── Extracted entries
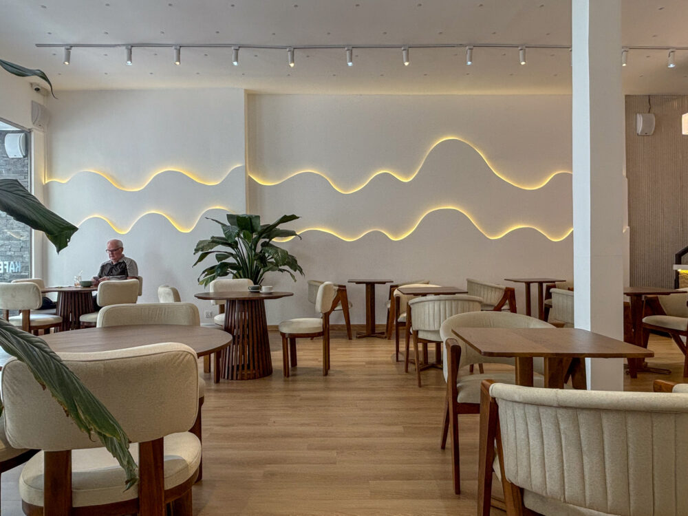 1つめにご紹介したカフェ Kiri Kōpi のすぐ隣にあるこちら、「Kai Colombo」は2025年8月にオープンしたカフェ。店内は明るく広々としています。週末などは生演奏していることも。
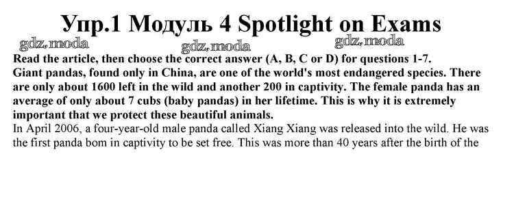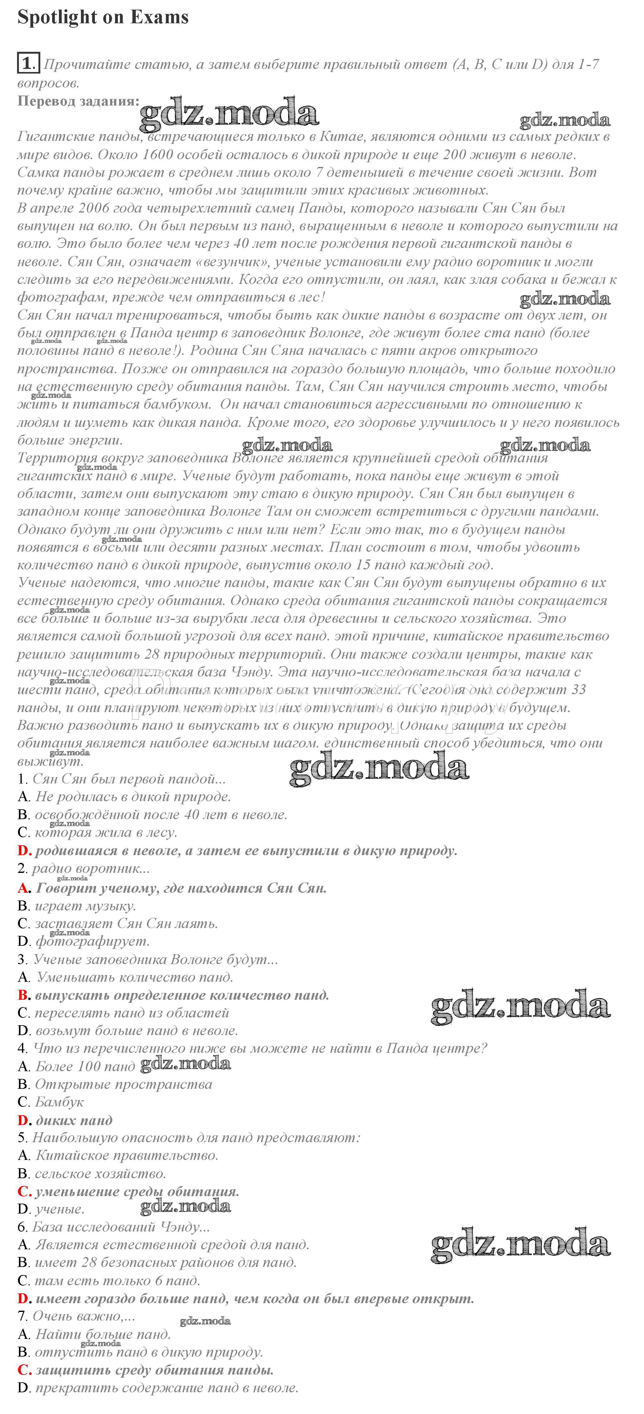 ОТВЕТ на задание № 1 Учебник по Английскому языку 10 класс Афанасьева Spotlight
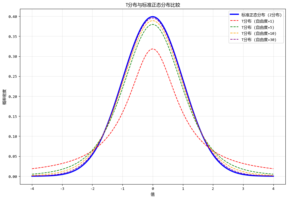 随着收集到的数据量不断增加,我们会观察到T分布逐渐趋向于标准正态分布,也就是我们常说的Z分布。
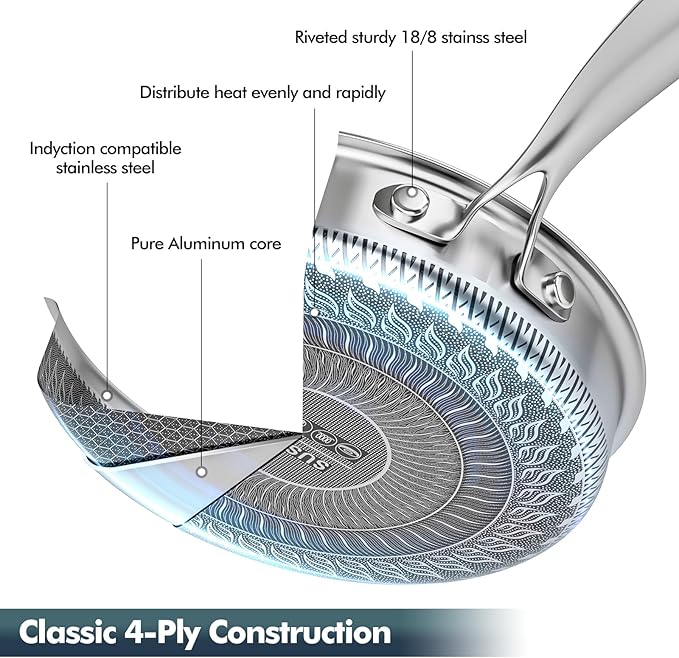 - Practical & Healthy: The nonstick cookware set is made of high quality 18/10 stainless steel, which is strong and durable to prevent scratches, corrosion, warping and rusting. A honeycomb carving is etched into the interior of the cookware, making it 10 times more non-stick than traditional stainless steel pans! Non-toxic, Free of PTFE, PFOA, PFAS, lead, cadmium and other toxic substances.
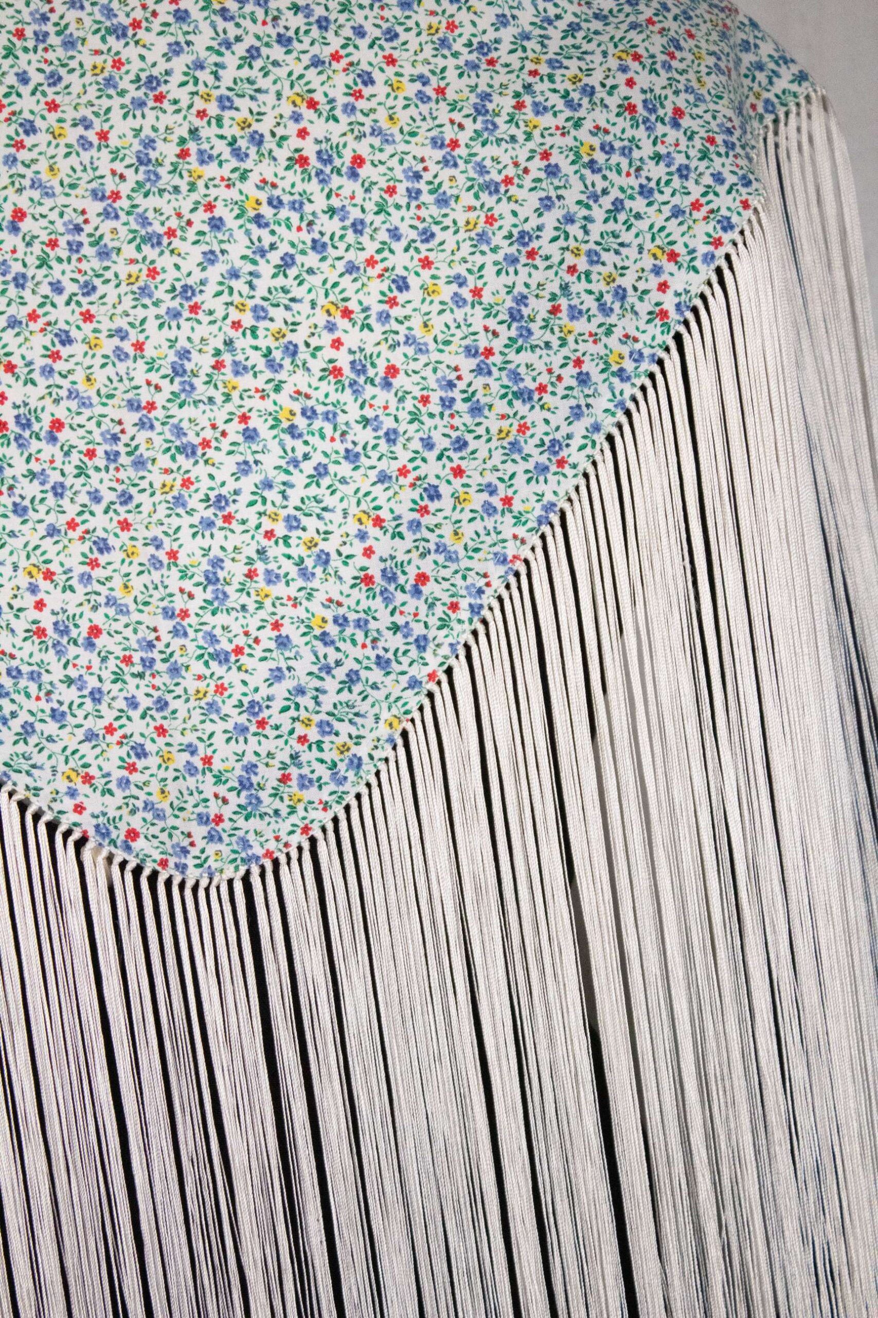 Mantón blanco con estampado de flores pequeñas, acabado en flecos blancos.
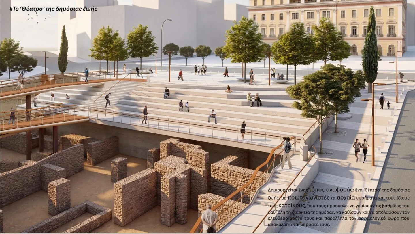 Στον κεντρικό πυρήνα της πρότασης βρίσκεται η συνύπαρξη αρχαιολογικού χώρου και δημόσιας πλατείας μέσα από δύο συμβολικούς αρχιτεκτονικούς χειρισμούς, το «θέατρο» και την «πασαρέλα».
────
Return exactly the lines above, from the one with "ОТВЕТ на задание" up to and including the one with "随着收集到的数据量不断增加,我们会观察到", and include no pictures.

 ОТВЕТ на задание № 1 Учебник по Английскому языку 10 класс Афанасьева Spotlight
 随着收集到的数据量不断增加,我们会观察到T分布逐渐趋向于标准正态分布,也就是我们常说的Z分布。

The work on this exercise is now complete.